The company kicked things off with a bang in late January when it reported fourth-quarter earnings. Not only did Johnson & Johnson beat earnings estimates, but it also created a stir when it hinted that it might consider selling off its clinical diagnostic business.

That positive momentum carried over when Johnson & Johnson announced first-quarter earnings in mid-April. The company's consumer division -- which sells over-the-counter products -- stabilized after several quarters of turbulence because of product recalls.  

The pharmaceutical division -- with a strong lineup of FDA-approved drugs on the market -- saw revenue jump 10.4%. And the medical devices unit also showed strong growth, clocking in with 10.2% revenue growth, though much of that was due to the acquisition of Synthes.

What've you done for me lately?
That brings us to this past week's earnings. As you can see, both revenue and earnings beat estimates and showed healthy growth for such a large conglomerate.

 

Estimate

Actual

Yearly Growth

Revenue

$17.7 billion

$17.9 billion

8.5%

Earnings per Share

$1.39

$1.48

13.8%

Sources: SEC filings, E*Trade. Previous-year earnings do not include $2.2 billion writedown.

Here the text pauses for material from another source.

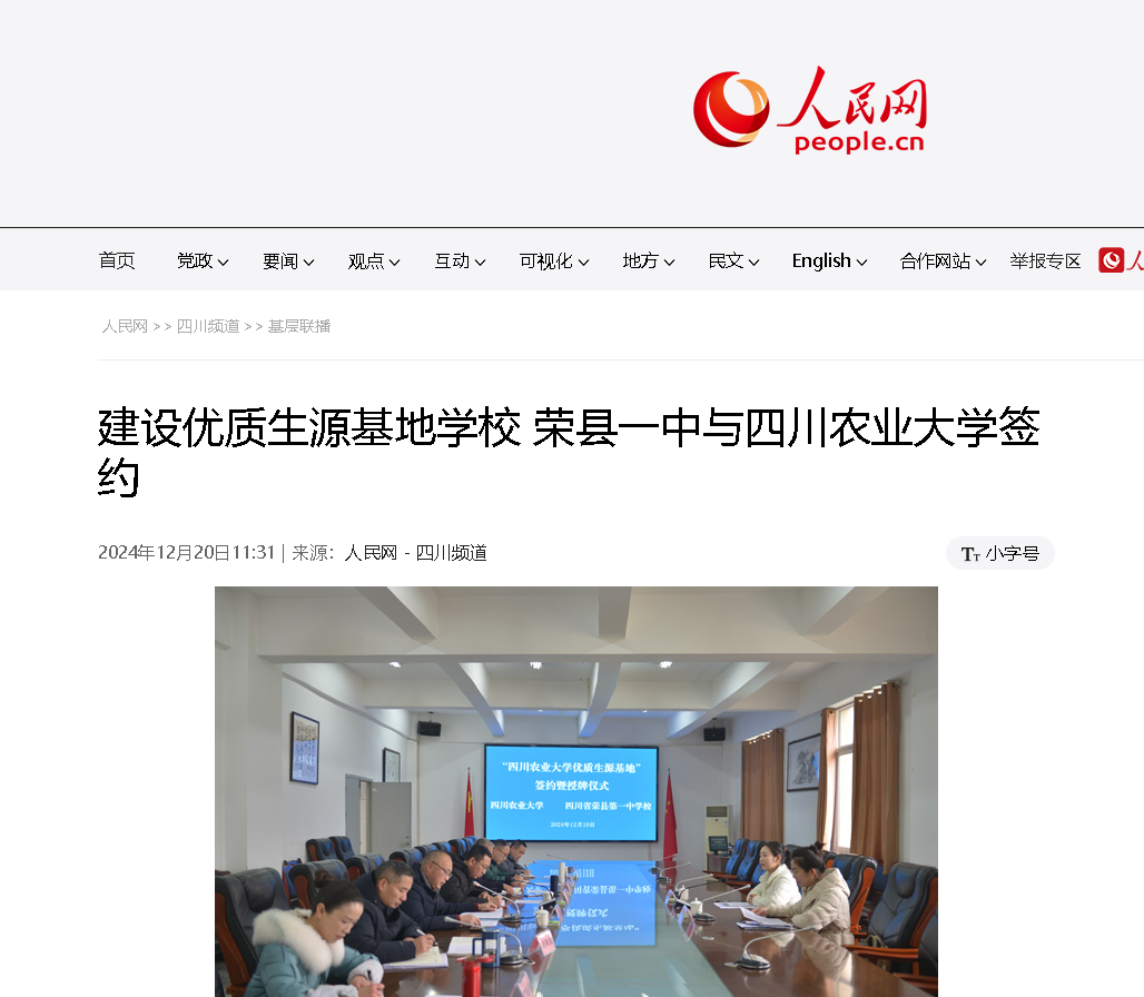 12月19日,荣县一中与ok138cn太阳集团529签订“ok138cn太阳集团529优质生源基地”协议暨授牌仪式举行。ok138cn太阳集团529农学院相关负责人、荣县教体局相关负责人及荣县一中领导班子等参加。

While the consumer segment was somewhat stagnant, growing at just 1.1%, the other two divisions -- pharmaceuticals and medical devices -- once again picked up the slack.

Strong sales of Remicade (for Crohn's disease) -- which accounted for roughly a quarter of prescription sales -- helped the pharmaceutical business post an 11.7% boost to revenue.

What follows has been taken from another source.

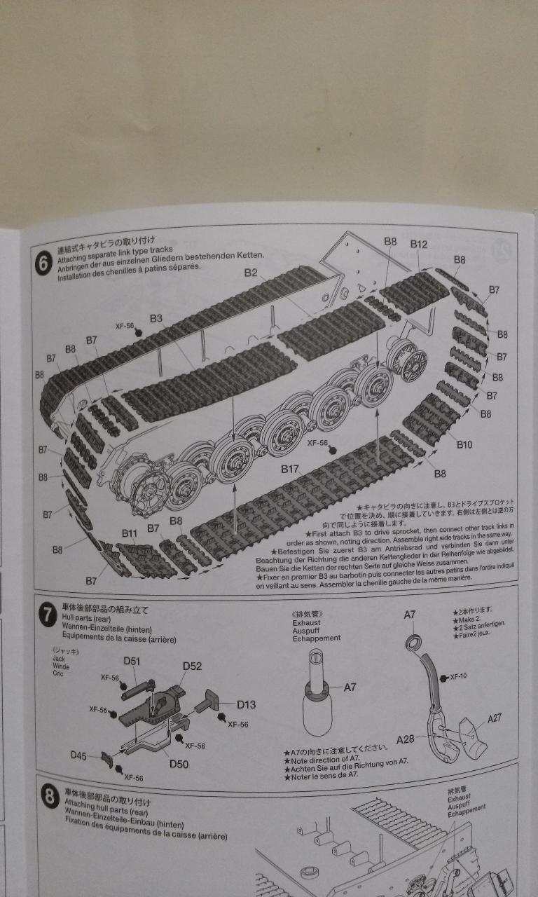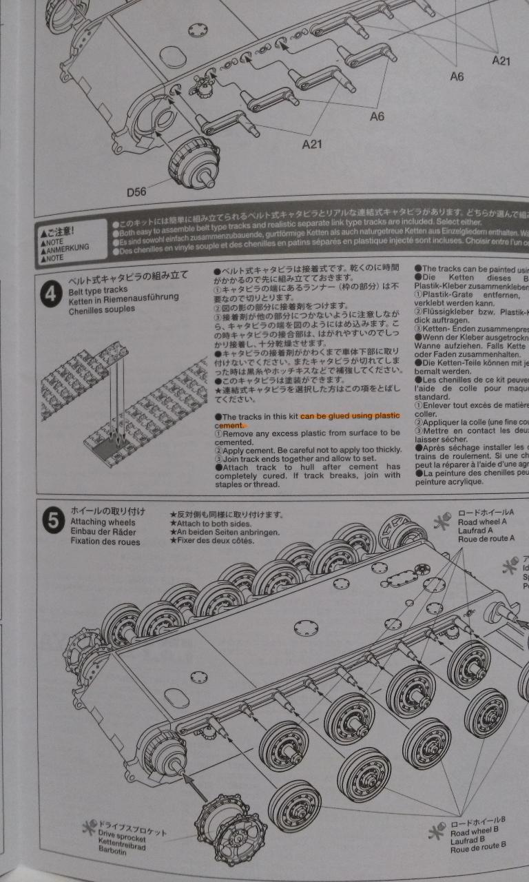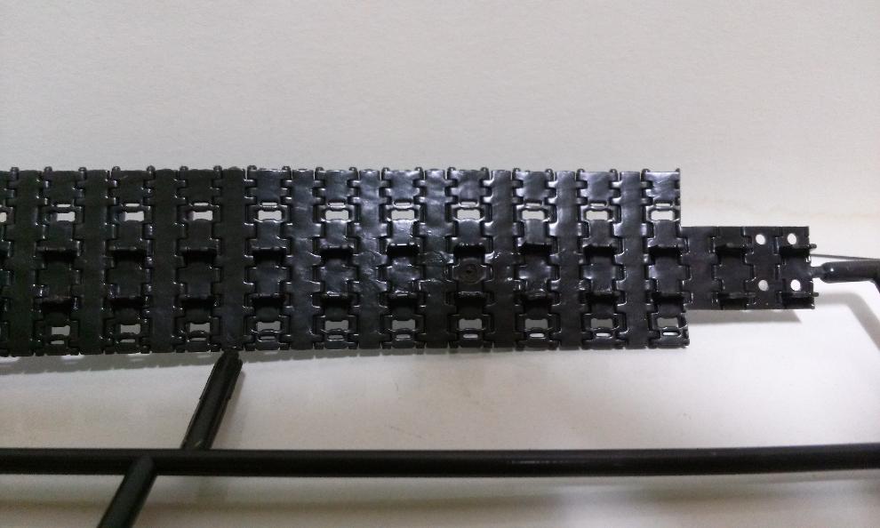 벨트식 궤도인데, 고정핀 부분의 길이로 볼때 불로 지지는 방식은 아닌듯 합니다. 설명서에 의하면 접착식입니다. 품질이 어떨지는 제작 후라야 알 수 있을 듯 하군요.

Regarding medical devices, which posted a healthy 9.6% jump in revenue, investors need to dig into the details. Had the company not acquired Synthes or divested its DePuy trauma business, the division would have only posted a 0.5% jump in sales growth.

Why am I considering the stock?
As I learn more and more about Johnson & Johnson with each passing quarter, a few things become clear. The first is that the consumer business will probably never be a huge growth engine, but it provides stability.

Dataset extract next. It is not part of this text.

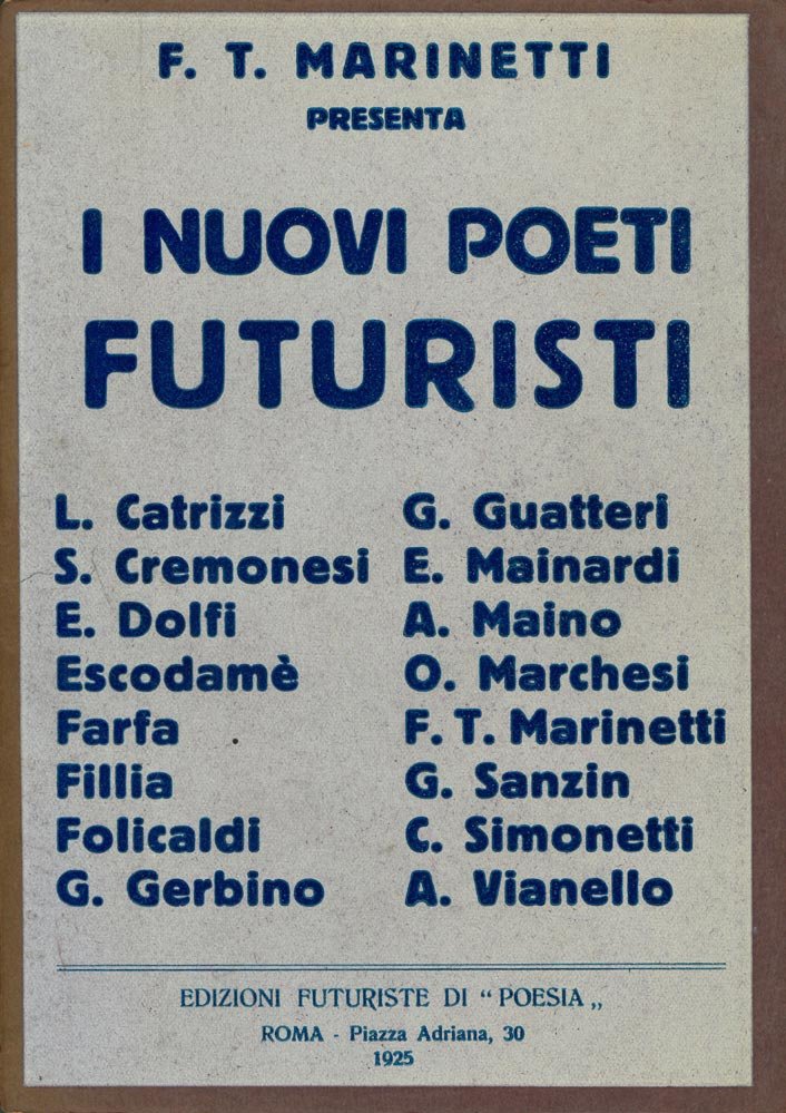 - Aa. Vv. (Marinetti, Filippo Tommaso - Catrizzi, Loris - Cremones, E, Silvio - Dolfi, Mario - Escodamè - Farfa - Fillia - Folicaldi, , Alceo - Gerbino, Giovanni - Guatteri, Giuseppe - Maino, Angelo, - Mainardi, Enzo - Marchesi, Oreste - Sanzin, Bruno - Simonetti, , Cesare - Vianello, Alberto)

The medical device division is somewhat hit-or-miss. It will be interesting to see how the Synthes acquisition plays out, as well as to see if Obamacare has the same consequences on device sales as some see it having on other medical device companies like Intuitive Surgical (NASDAQ: ISRG  ) .

That leaves the pharmaceutical business, which I think has some promising drugs in the pipeline (or newly released) and offers some real potential for growth. Johnson & Johnson has been zeroing in on cancer treatments, and bolstered that effort with the acquisition in June of Aragon Pharmaceuticals, which focuses on hormonally driven cancers. 

Though shares are trading for a somewhat-pricey 17 times earnings, I think the combination of stability (consumer business), potential for growth (pharmaceutical business), and a healthy 2.9% dividend make Johnson & Johnson stock a buy worth making.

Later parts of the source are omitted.